- **Source material**
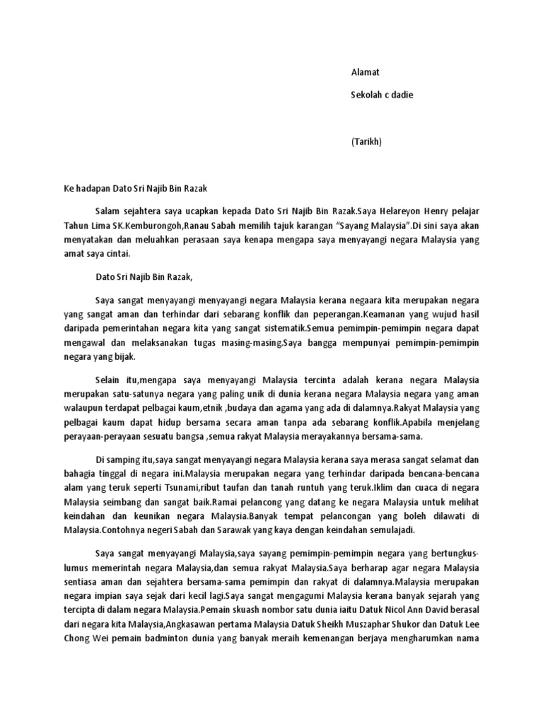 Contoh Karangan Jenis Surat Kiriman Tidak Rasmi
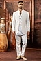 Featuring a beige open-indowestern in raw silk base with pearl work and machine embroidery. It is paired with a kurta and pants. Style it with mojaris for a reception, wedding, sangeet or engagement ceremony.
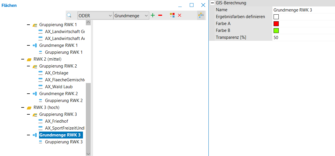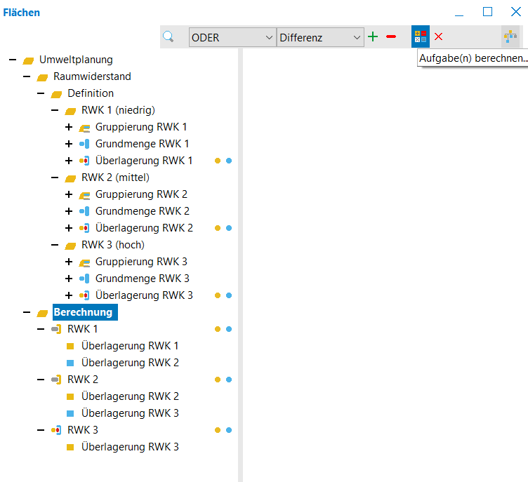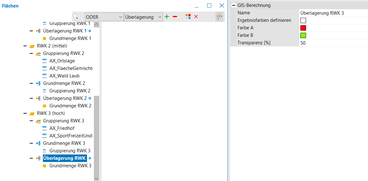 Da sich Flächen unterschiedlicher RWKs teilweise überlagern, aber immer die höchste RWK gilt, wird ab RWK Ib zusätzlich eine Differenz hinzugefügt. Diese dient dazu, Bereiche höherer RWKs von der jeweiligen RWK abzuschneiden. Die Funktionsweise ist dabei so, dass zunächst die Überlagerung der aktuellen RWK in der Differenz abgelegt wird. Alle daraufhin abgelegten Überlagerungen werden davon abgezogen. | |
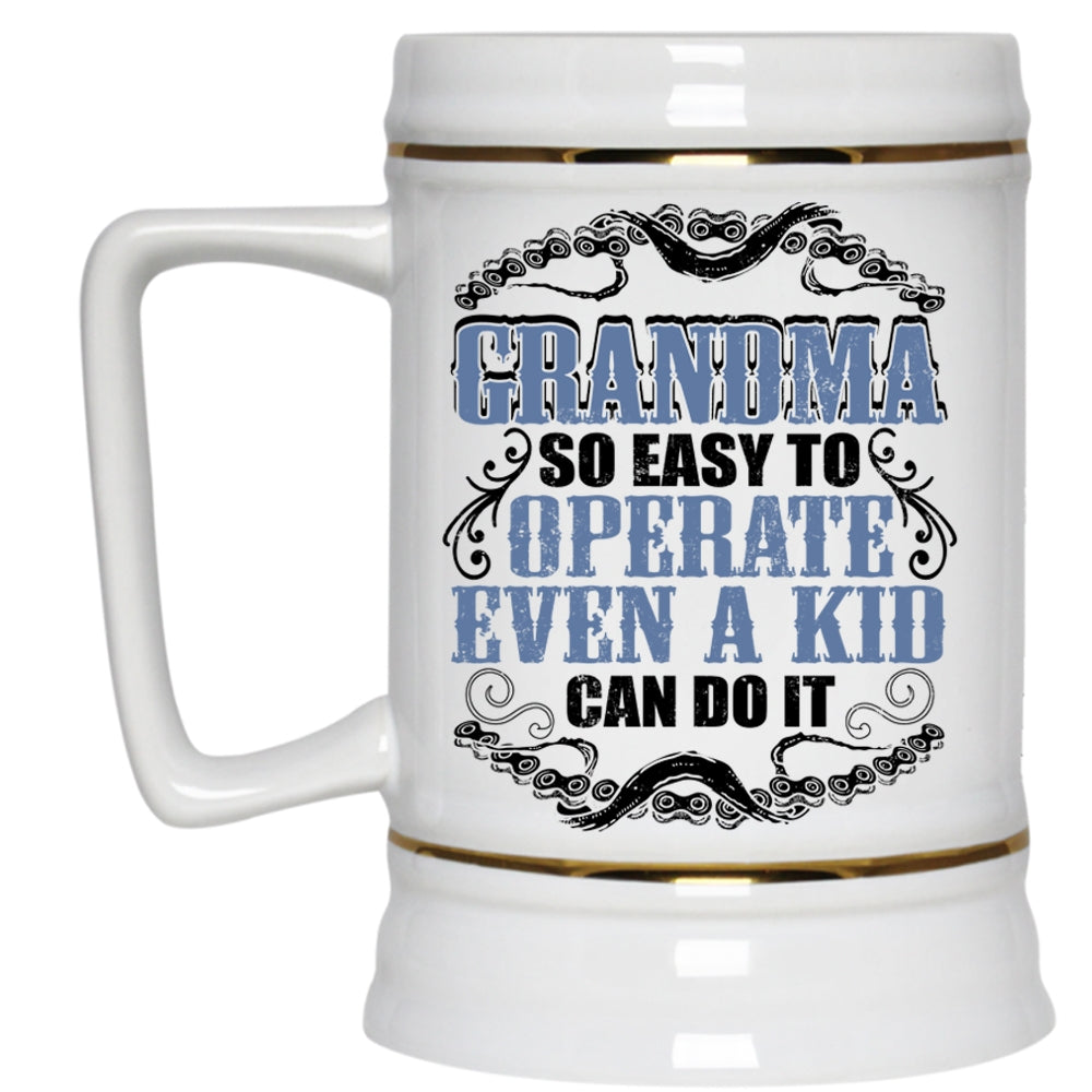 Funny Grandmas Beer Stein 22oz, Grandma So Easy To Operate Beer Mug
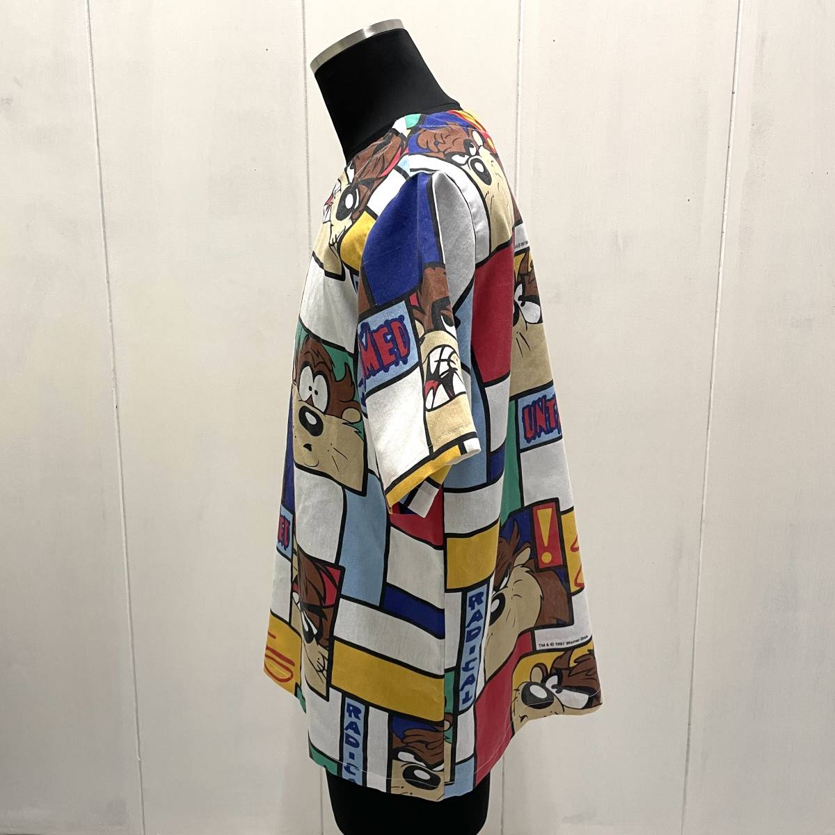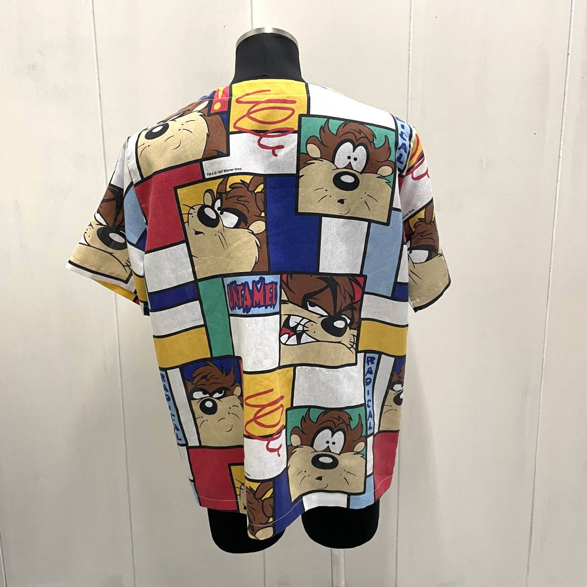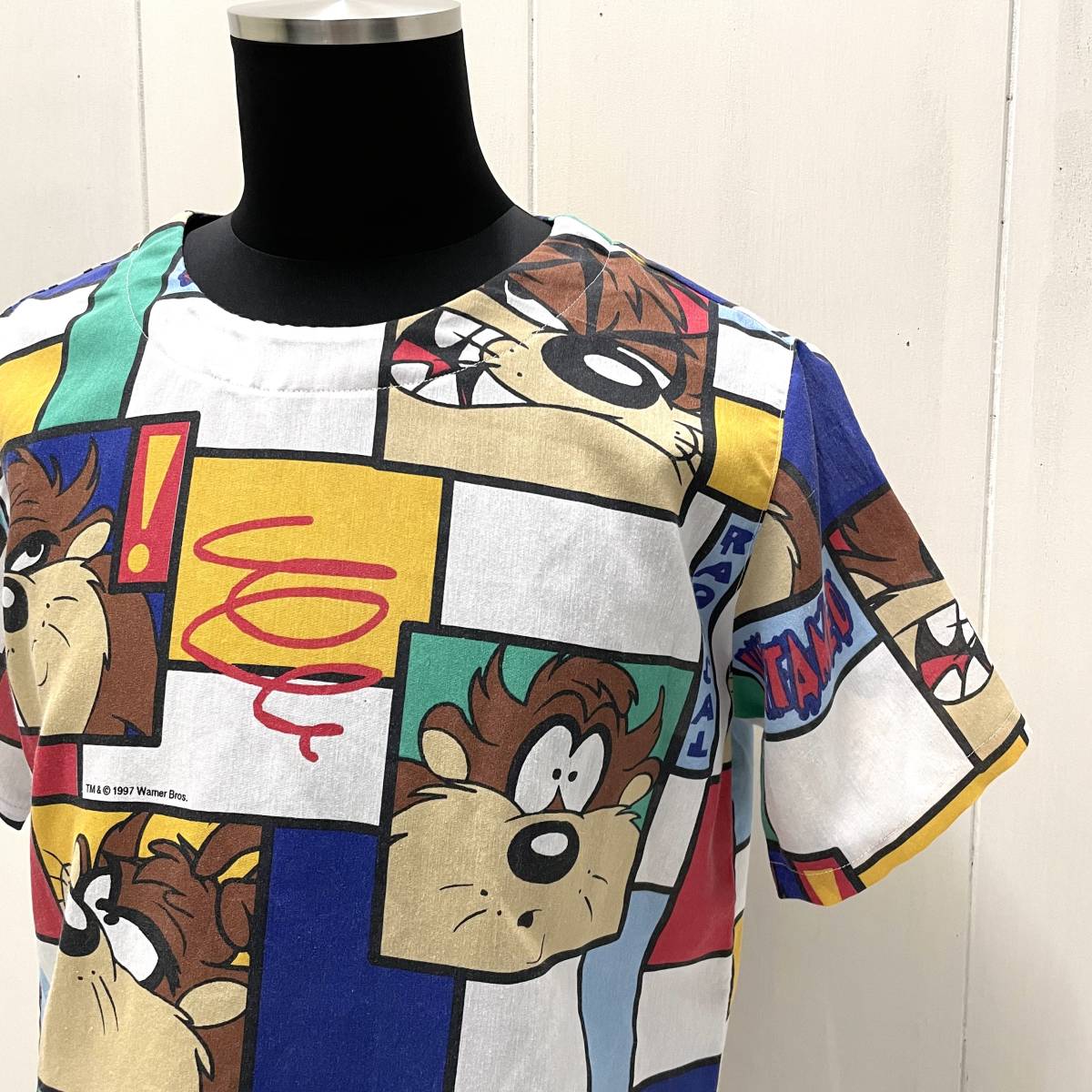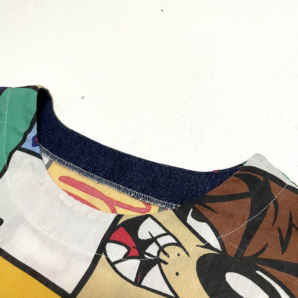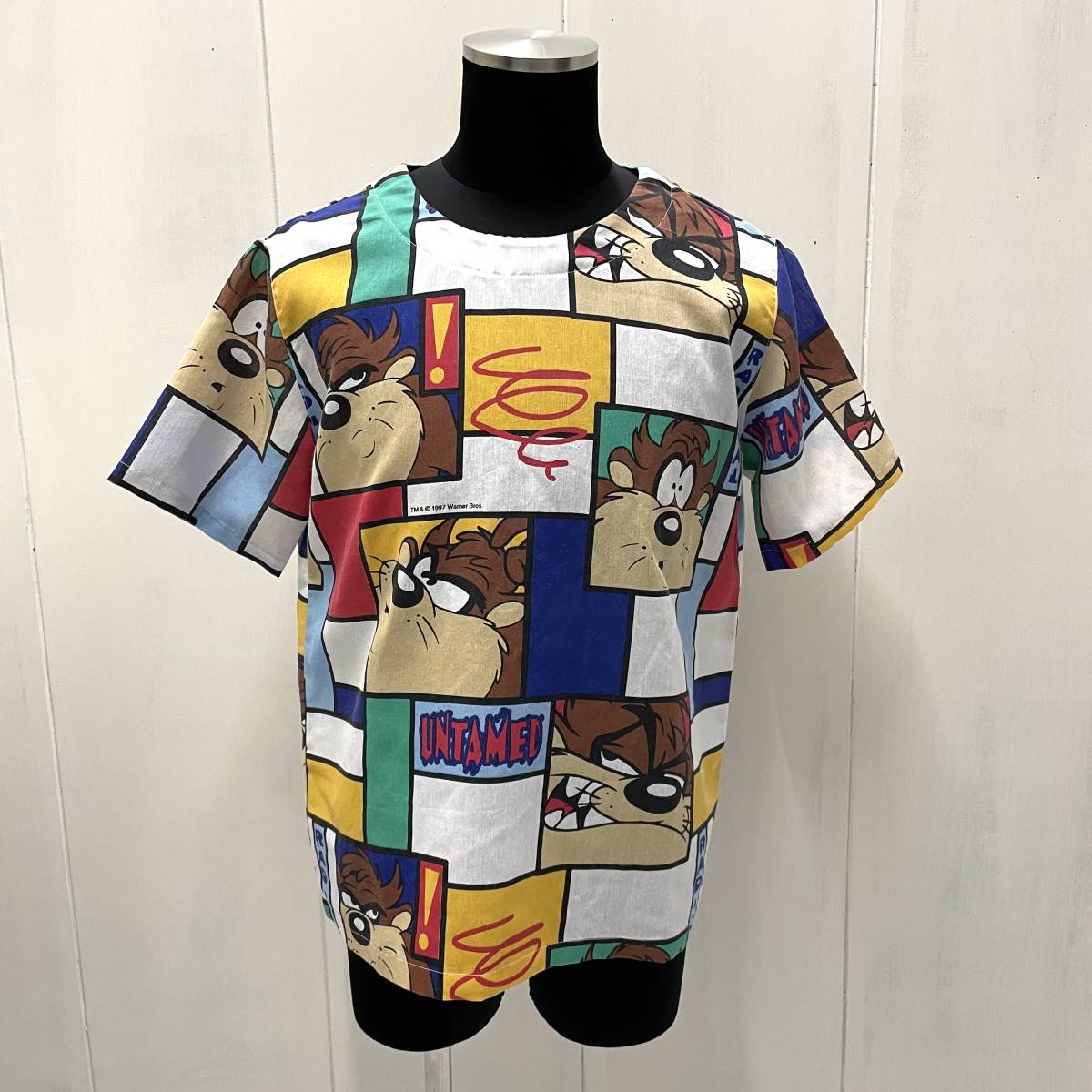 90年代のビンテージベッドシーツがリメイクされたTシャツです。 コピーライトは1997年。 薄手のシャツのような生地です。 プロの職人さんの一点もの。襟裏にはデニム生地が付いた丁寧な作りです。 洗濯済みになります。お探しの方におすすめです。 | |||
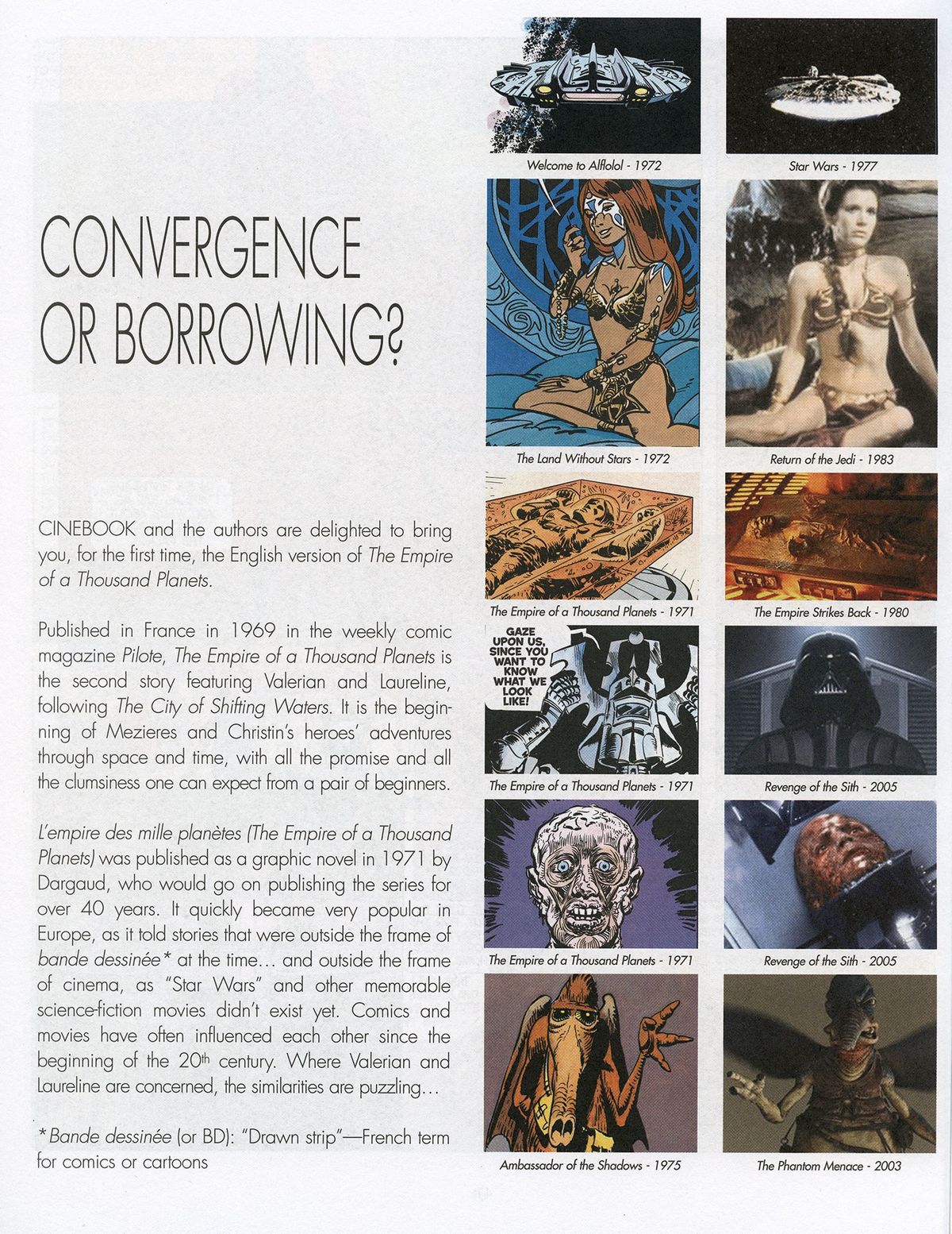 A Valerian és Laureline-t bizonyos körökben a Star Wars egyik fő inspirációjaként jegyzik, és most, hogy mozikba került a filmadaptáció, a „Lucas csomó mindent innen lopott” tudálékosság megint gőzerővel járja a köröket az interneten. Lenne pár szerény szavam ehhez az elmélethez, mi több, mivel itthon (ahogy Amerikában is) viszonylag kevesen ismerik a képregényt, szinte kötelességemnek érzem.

- **What this task involves**
An exact copy of the data is required, with the pictures excluded.

- **Answer to this problem**
 Contoh Karangan Jenis Surat Kiriman Tidak Rasmi
 Featuring a beige open-indowestern in raw silk base with pearl work and machine embroidery. It is paired with a kurta and pants. Style it with mojaris for a reception, wedding, sangeet or engagement ceremony.
 Da sich Flächen unterschiedlicher RWKs teilweise überlagern, aber immer die höchste RWK gilt, wird ab RWK Ib zusätzlich eine Differenz hinzugefügt. Diese dient dazu, Bereiche höherer RWKs von der jeweiligen RWK abzuschneiden. Die Funktionsweise ist dabei so, dass zunächst die Überlagerung der aktuellen RWK in der Differenz abgelegt wird. Alle daraufhin abgelegten Überlagerungen werden davon abgezogen. | |
 Funny Grandmas Beer Stein 22oz, Grandma So Easy To Operate Beer Mug
 90年代のビンテージベッドシーツがリメイクされたTシャツです。 コピーライトは1997年。 薄手のシャツのような生地です。 プロの職人さんの一点もの。襟裏にはデニム生地が付いた丁寧な作りです。 洗濯済みになります。お探しの方におすすめです。 | |||
 A Valerian és Laureline-t bizonyos körökben a Star Wars egyik fő inspirációjaként jegyzik, és most, hogy mozikba került a filmadaptáció, a „Lucas csomó mindent innen lopott” tudálékosság megint gőzerővel járja a köröket az interneten. Lenne pár szerény szavam ehhez az elmélethez, mi több, mivel itthon (ahogy Amerikában is) viszonylag kevesen ismerik a képregényt, szinte kötelességemnek érzem.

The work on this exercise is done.